Dans cette cinquième élection en moins de quatre ans, aussi indécise que le précédentes, les Arabes d’Israël, 20% de la population, ont un rôle charnière, pratiquement faiseurs rois. Mais ils abordent le scrutin désunis. Alors qu’ensemble, ils avaient eu 15 sièges en 2020, les trois partis du vote de ce mardi risquent de ne pas obtenir les 3,25% des voix qui les feraient entrer à la Knesset. Le parti islamiste Ra’am qui était dans la coalition gouvernementale est d’accord pour une nouvelle participation, ce que refuse toujours Hadash-Taal. Quant au nationaliste Balad, il ne devrait pas franchir le seuil des 3,25%.
Yair Lapid a besoin des élus arabes s’il veut former une coalition car on ne lui accorde sans eux que 56 sièges. Il a promis d’amender la loi sur l’Etat nation qui, telle qu’elle est, est, selon lui, « une insulte aux citoyens israéliens non juifs ». Il leur garantira l’égalité civile, la dignité humaine et la liberté. Et bien sûr des crédits pour lutter contre la criminalité et construire des logements. Mansour Abbas, le dirigeant de Ra’am explique aux électeurs que c’est son action qui a permis d’obtenir des milliards d’euros en faveur des zones arabes. Il estime que les Arabes israéliens sont préoccupés par la criminalité et les difficultés économiques, pas par le conflit israélo-palestinien. Ce qui lui vaut des critiques des autres formations arabes et empêchent l’union. Chacun joue sa propre carte…
Ces divisions arrangent « Bibi ». Si, naguère, il cherchait le vote arabe, il traite cette fois les députés arabes de « corrompus ». Si l’électeur arabe vote moins – mais on prévoit un sursaut – cela avantagera le Likoud et ses alliés. D’ailleurs, Netanyahou ne peut revenir au pouvoir qu’avec l’appui de l’extrême droite, de Sionisme religieux dont la figure de proue, Itamar Ben Gvir, déteste les Arabes qu’il faut tous, envoyer en Jordanie. A Jérusalem Est, il n’hésite pas à brandir son arme pour montrer aux Palestiniens qui est le patron…
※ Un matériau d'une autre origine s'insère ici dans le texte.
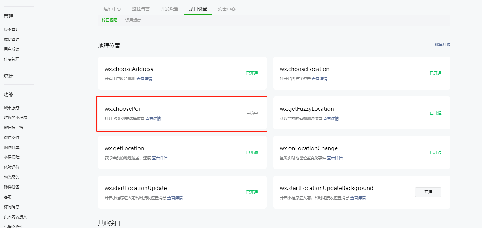 wx.getLocation 一直是返回 61031,显示审核中的状态

Cet Israël qui vote aujourd’hui dérive vers l’extrême droite, une extrême droite que l’ancien Premier ministre a favorisé, poussé car il en a un besoin absolu. Ne veut-elle pas soumettre la justice au Parlement ? Une occasion pour « Bibi », toujours en procès pour fraude et corruption, de se parer d’immunité.
Ce scrutin reflète et accentue les divisions de l’Etat hébreu. Pas entre droite et gauche, la droite est largement majoritaire, mais entre pro et anti Netanyahou. Une société éclatée, fragilisée qui pourrait s’interroger sur sa démocratie. Elle est réelle mais n’accorde-t-elle pas trop d’importance aux petits partis indispensables pour former un gouvernement. Ils en jouent pour défendre leurs intérêts… Tout comme Benjamin Netanyahou. Tant qu’il sera dans l’arène politique, Israël manquera de stabilité et de cohérence.